Required action
Please repeat exactly the lines below from the line with "Topaz Detailing DXB's" to the line with "Peel away a", including both, and leave out every picture.
[Records for the exercise Boundary: Start]
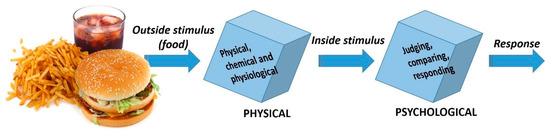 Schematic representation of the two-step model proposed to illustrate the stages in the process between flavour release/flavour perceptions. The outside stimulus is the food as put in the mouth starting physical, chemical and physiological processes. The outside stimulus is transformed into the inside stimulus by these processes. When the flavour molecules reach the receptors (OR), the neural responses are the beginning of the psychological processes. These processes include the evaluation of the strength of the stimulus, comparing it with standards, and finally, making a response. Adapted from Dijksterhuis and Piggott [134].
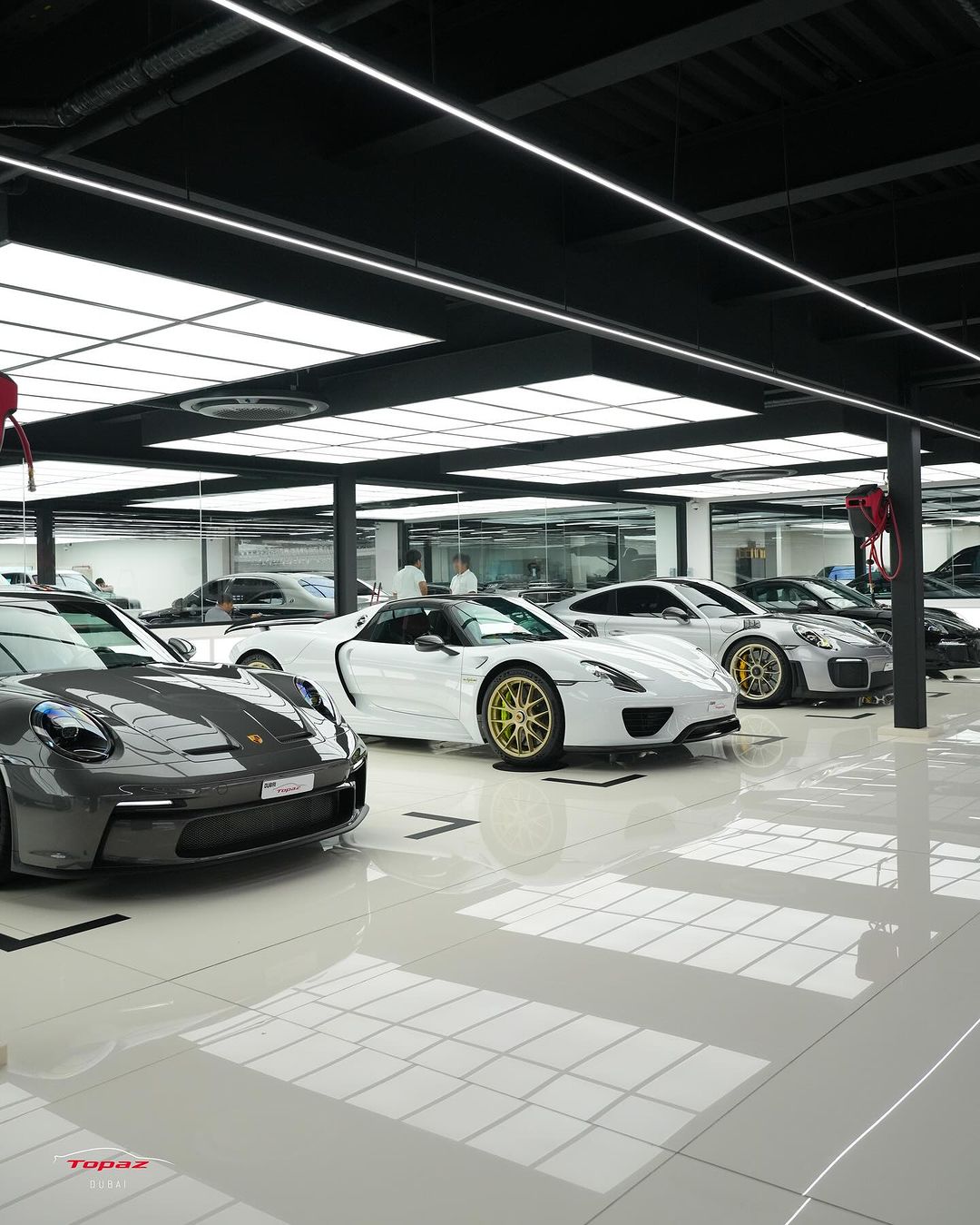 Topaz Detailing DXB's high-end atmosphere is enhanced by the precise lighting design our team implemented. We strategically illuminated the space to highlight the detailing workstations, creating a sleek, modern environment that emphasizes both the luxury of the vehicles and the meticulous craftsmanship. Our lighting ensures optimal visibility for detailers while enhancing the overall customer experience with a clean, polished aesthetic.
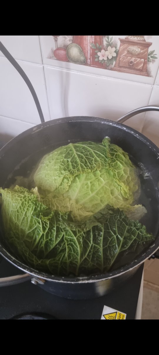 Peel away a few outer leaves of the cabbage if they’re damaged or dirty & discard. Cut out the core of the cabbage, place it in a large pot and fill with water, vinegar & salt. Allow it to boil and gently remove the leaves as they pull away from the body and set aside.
[Records for the exercise Boundary: End]
[Records for the exercise Boundary: Start]
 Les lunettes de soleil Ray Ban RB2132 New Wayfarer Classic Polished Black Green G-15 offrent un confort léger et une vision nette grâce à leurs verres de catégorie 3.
[Records for the exercise Boundary: End]
Exercise output
 Topaz Detailing DXB's high-end atmosphere is enhanced by the precise lighting design our team implemented. We strategically illuminated the space to highlight the detailing workstations, creating a sleek, modern environment that emphasizes both the luxury of the vehicles and the meticulous craftsmanship. Our lighting ensures optimal visibility for detailers while enhancing the overall customer experience with a clean, polished aesthetic.
 Peel away a few outer leaves of the cabbage if they’re damaged or dirty & discard. Cut out the core of the cabbage, place it in a large pot and fill with water, vinegar & salt. Allow it to boil and gently remove the leaves as they pull away from the body and set aside.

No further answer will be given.